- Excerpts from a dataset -
+-------+
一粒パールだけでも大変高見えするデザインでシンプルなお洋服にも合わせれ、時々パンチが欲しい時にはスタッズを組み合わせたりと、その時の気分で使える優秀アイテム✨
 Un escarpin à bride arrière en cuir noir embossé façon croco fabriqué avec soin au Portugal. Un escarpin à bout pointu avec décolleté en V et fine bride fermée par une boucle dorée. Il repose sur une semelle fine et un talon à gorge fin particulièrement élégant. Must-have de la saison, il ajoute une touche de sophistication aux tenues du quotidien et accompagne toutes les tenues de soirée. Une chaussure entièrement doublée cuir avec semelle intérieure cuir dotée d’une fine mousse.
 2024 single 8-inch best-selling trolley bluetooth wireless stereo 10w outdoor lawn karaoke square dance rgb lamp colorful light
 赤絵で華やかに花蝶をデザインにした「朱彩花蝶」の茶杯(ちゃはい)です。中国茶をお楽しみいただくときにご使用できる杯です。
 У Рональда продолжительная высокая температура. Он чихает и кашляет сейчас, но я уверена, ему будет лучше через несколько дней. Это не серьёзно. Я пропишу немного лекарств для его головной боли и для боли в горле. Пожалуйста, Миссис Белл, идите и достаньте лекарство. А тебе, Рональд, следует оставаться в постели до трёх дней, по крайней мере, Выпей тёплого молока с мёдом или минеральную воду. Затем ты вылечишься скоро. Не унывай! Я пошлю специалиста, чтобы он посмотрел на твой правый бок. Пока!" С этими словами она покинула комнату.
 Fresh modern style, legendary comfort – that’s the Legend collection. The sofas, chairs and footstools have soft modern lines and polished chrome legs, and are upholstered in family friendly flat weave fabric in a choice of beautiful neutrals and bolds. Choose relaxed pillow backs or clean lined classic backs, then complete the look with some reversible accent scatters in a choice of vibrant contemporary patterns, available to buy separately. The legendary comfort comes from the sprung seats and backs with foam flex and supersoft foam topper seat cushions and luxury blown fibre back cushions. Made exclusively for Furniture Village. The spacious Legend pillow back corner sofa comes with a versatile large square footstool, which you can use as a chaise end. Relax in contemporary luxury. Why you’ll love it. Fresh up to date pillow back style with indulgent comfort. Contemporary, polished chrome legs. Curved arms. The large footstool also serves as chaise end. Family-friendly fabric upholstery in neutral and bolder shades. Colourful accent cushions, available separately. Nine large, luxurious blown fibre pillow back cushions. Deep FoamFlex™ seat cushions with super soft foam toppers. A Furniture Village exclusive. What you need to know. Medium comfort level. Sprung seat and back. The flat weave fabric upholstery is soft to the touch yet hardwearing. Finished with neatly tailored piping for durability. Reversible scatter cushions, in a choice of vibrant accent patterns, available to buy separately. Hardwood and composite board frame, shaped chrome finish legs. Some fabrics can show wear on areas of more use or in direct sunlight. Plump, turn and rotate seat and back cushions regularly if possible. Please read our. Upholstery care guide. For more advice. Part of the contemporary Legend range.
+-------+
- How to complete this task -
Each line above where the word "square" occurs should be returned in full.

- Answer space -
 2024 single 8-inch best-selling trolley bluetooth wireless stereo 10w outdoor lawn karaoke square dance rgb lamp colorful light
 Fresh modern style, legendary comfort – that’s the Legend collection. The sofas, chairs and footstools have soft modern lines and polished chrome legs, and are upholstered in family friendly flat weave fabric in a choice of beautiful neutrals and bolds. Choose relaxed pillow backs or clean lined classic backs, then complete the look with some reversible accent scatters in a choice of vibrant contemporary patterns, available to buy separately. The legendary comfort comes from the sprung seats and backs with foam flex and supersoft foam topper seat cushions and luxury blown fibre back cushions. Made exclusively for Furniture Village. The spacious Legend pillow back corner sofa comes with a versatile large square footstool, which you can use as a chaise end. Relax in contemporary luxury. Why you’ll love it. Fresh up to date pillow back style with indulgent comfort. Contemporary, polished chrome legs. Curved arms. The large footstool also serves as chaise end. Family-friendly fabric upholstery in neutral and bolder shades. Colourful accent cushions, available separately. Nine large, luxurious blown fibre pillow back cushions. Deep FoamFlex™ seat cushions with super soft foam toppers. A Furniture Village exclusive. What you need to know. Medium comfort level. Sprung seat and back. The flat weave fabric upholstery is soft to the touch yet hardwearing. Finished with neatly tailored piping for durability. Reversible scatter cushions, in a choice of vibrant accent patterns, available to buy separately. Hardwood and composite board frame, shaped chrome finish legs. Some fabrics can show wear on areas of more use or in direct sunlight. Plump, turn and rotate seat and back cushions regularly if possible. Please read our. Upholstery care guide. For more advice. Part of the contemporary Legend range.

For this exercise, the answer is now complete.